キサゴータミーという痩せて貧しい女がいました。
子供を産み、無上の宝を得たが如くに喜んでいましたが、その子供が突然死んでしまいました。キサゴータミーは気が狂わんばかりに泣き叫びました。埋葬しようとする人に遺体を渡そうとせず、生き返らせようとして来る人来る人に頼みました。
人々は哀れんだり笑ったりしましたが、キサゴータミーは決してあきらめませんでした。
狂ったように歩き続けていると、哀れんだ人が、「お釈迦様なら願いを叶えてくださいます。行ってみてはどうですか」と教えてくれました。喜んだキサゴータミーは、すぐに釈迦のもとへ行き頼みました。
「あなたは、この子を生き返らせることができると聞いて伺いました」
「そうです、確かに私は知っています。白いけしの実をひとつまみもらってきなさい」
「何て簡単なことでしょう。
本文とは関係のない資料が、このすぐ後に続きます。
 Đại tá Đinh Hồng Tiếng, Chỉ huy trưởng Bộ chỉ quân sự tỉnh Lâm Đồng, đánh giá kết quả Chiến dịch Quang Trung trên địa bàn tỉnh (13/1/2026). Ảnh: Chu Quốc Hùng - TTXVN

すぐ手に入れて参ります」
お辞儀し、喜んでその場を去ろうとすると、釈迦は一言付け加えました。
「ただし、今までに死者を出したことのない家からもらってきなさい」
「わかりました」
キサゴータミーは上の空で返事をし、子供を抱きかかえて一軒一軒訪ね歩きました。
「こちらの家にケシの実はありますか」
「はい、ありますよ」
ケシの実を手にし、急いで戻ろうとした時、釈迦の言葉を思い出しました。
「この家では誰か亡くなったりしたことはないですよね」
「何を言うんです。そんなはずないでしょ」
落胆し、ケシの実を返して次の家へ行きました。
ところが、どこへ行っても死人を出したことがない家は見つかりませんでした。陽は落ち、雨が降り出し、足には血が滲んでいました。
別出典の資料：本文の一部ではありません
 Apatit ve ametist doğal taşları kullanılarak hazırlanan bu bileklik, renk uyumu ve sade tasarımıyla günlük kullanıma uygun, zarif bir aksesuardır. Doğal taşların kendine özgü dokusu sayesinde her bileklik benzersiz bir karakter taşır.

探し続けるうちに段々と冷静になり、死を忘れていた自分に気づきました。
(愛するわが子でもいつまでも一緒におれない。この一番可愛い肉体とも別れねばならない・・・・)
子供を抱いて森に入り手厚く葬ると、その足で釈迦を訪ね、出家を願い出ました。釈迦は言いました。
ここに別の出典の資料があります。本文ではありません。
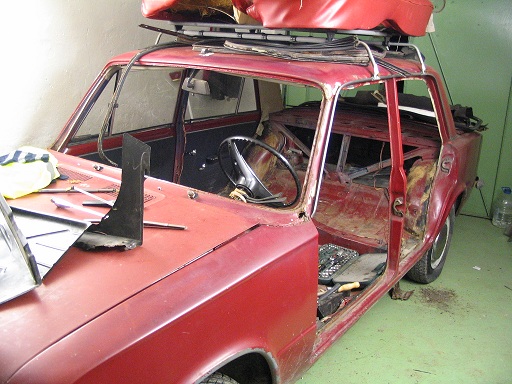 Pri zbežnej obhliadke je podlaha OK, ale predná časť, roh na vodičovej strane je totálne na šrot, chytená je aj prepážka. Zdá sa, že zatekalo okolo okna a celá tá strana od rohu okna dole bude úplne zhnitá. Rovnako aj vnútorný prah. Výstuha prahu od blatníka niekam zmizla. Minimálne jedna kapsa pred zadným blatníkom sa bude tiež operovať. Strana spolujazca je na tom o čosi lepšie, pravda sa ale ukáže, až keď odstránim gumoasfalt čo tam svojho času otec dal.

「生きている者は必ず死ぬのです。これは不変の真理です」
キサゴーダミーは、子供が死んでから釈迦の弟子になりました。
今日、妙好人と評される三河のおそのという人は、男女2人の子を産みましたが、長男は生まれてすぐ死んでしまいました。
さらに不幸なことに長女も3歳の時に、家のすぐ前で野良犬に襲われてかみ殺されてしまいます。可愛い盛りの娘が血みどろになって死んでいく姿に、おそのは半狂乱になりましたが、このことが機縁となって真剣に仏法を聞くようになったといいます。
同じく、妙好人として評される六連島のおかるは、目の前で夫が死に、夫の葬式を他人に任せて寺に駆け込みました。
このように死の解決をした人は皆、不幸を勝縁としています。